> _Data supplied_
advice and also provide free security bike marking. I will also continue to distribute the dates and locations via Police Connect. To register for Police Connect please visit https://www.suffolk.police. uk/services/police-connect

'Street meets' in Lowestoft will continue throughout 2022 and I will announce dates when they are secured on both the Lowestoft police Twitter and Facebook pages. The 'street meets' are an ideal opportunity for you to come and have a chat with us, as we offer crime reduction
---
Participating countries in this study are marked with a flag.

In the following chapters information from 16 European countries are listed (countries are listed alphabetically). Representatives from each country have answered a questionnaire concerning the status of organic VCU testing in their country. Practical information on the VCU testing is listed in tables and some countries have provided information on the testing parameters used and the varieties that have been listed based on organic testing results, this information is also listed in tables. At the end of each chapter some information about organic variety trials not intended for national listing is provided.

> _Work order_
Starting with the line above that holds "advice and also" and stopping with the line that holds "offer crime reduction", reproduce each line exactly, omitting all other lines.

> _Written answer_
advice and also provide free security bike marking. I will also continue to distribute the dates and locations via Police Connect. To register for Police Connect please visit https://www.suffolk.police. uk/services/police-connect

'Street meets' in Lowestoft will continue throughout 2022 and I will announce dates when they are secured on both the Lowestoft police Twitter and Facebook pages. The 'street meets' are an ideal opportunity for you to come and have a chat with us, as we offer crime reduction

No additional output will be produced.